**Activity:** A word-for-word copy of the data, with no images, is the required answer.

**Dataset excerpt:**
# # # #

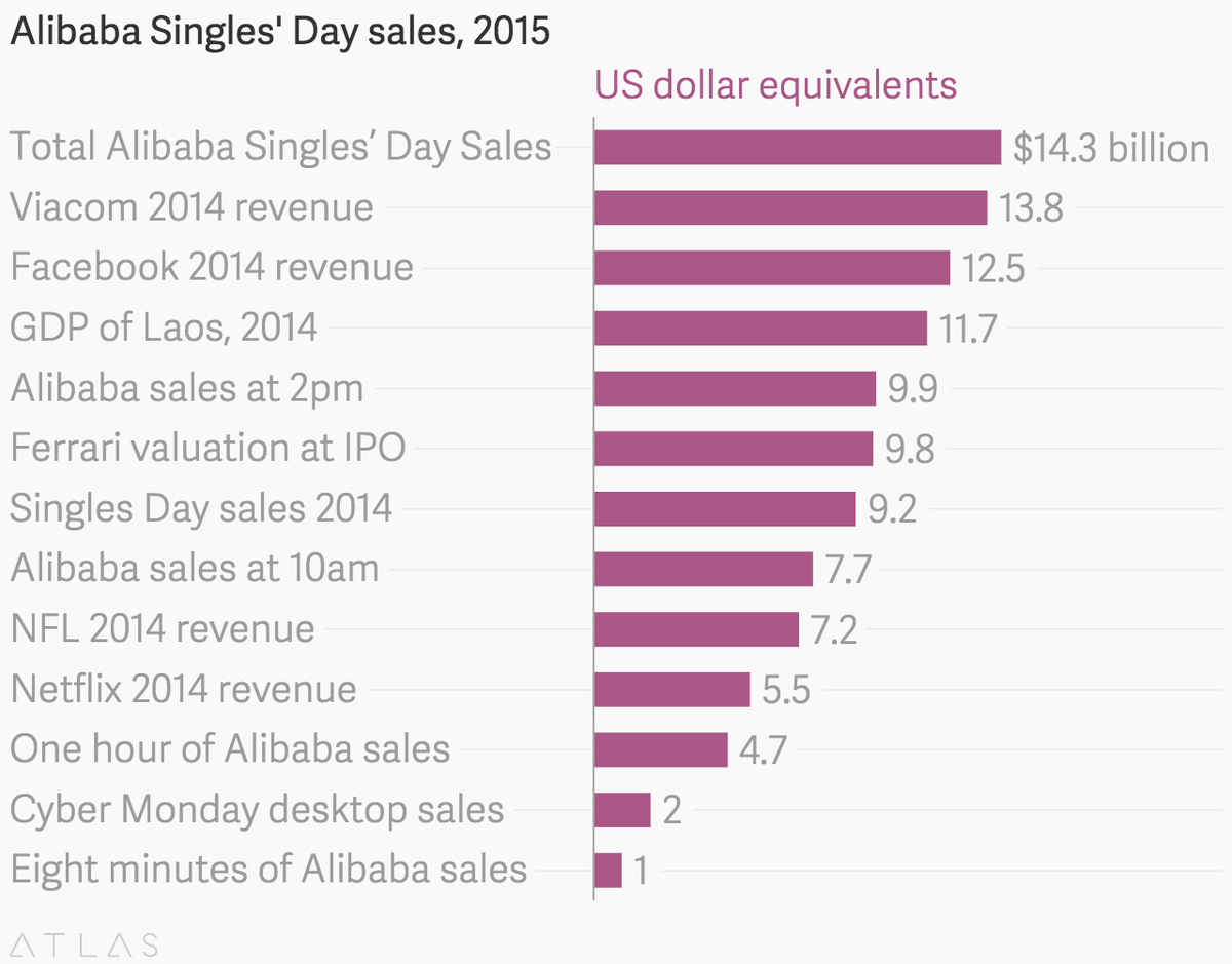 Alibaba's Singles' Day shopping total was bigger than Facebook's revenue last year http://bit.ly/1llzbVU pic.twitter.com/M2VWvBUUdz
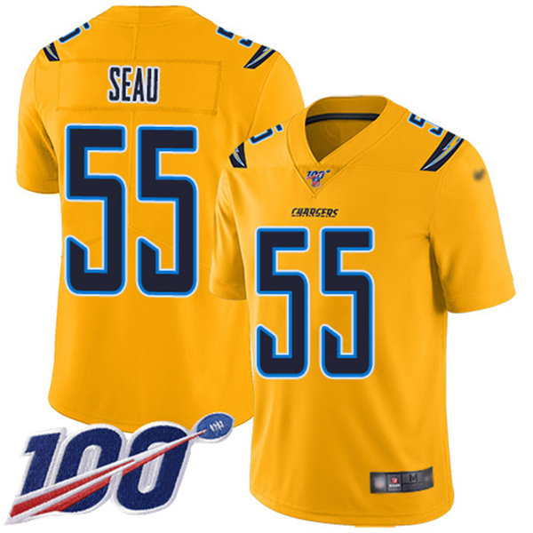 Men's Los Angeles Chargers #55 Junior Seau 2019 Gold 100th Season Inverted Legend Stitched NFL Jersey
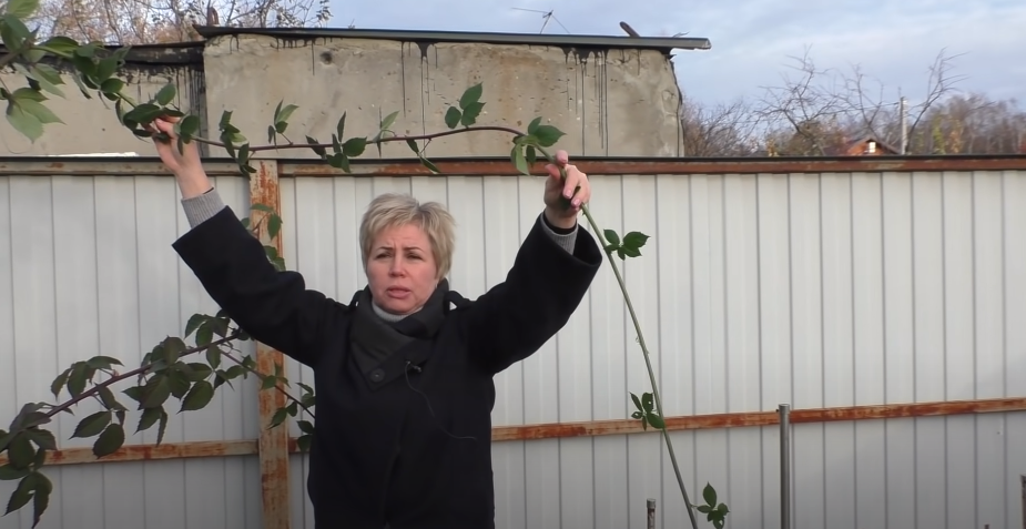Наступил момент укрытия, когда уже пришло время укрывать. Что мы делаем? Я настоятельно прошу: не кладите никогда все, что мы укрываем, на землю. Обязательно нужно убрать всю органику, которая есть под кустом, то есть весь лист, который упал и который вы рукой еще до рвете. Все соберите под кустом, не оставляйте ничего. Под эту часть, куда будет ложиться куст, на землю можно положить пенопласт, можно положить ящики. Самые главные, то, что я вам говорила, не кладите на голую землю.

# # # #

**Your response:**
 Alibaba's Singles' Day shopping total was bigger than Facebook's revenue last year http://bit.ly/1llzbVU pic.twitter.com/M2VWvBUUdz
 Men's Los Angeles Chargers #55 Junior Seau 2019 Gold 100th Season Inverted Legend Stitched NFL Jersey
Наступил момент укрытия, когда уже пришло время укрывать. Что мы делаем? Я настоятельно прошу: не кладите никогда все, что мы укрываем, на землю. Обязательно нужно убрать всю органику, которая есть под кустом, то есть весь лист, который упал и который вы рукой еще до рвете. Все соберите под кустом, не оставляйте ничего. Под эту часть, куда будет ложиться куст, на землю можно положить пенопласт, можно положить ящики. Самые главные, то, что я вам говорила, не кладите на голую землю.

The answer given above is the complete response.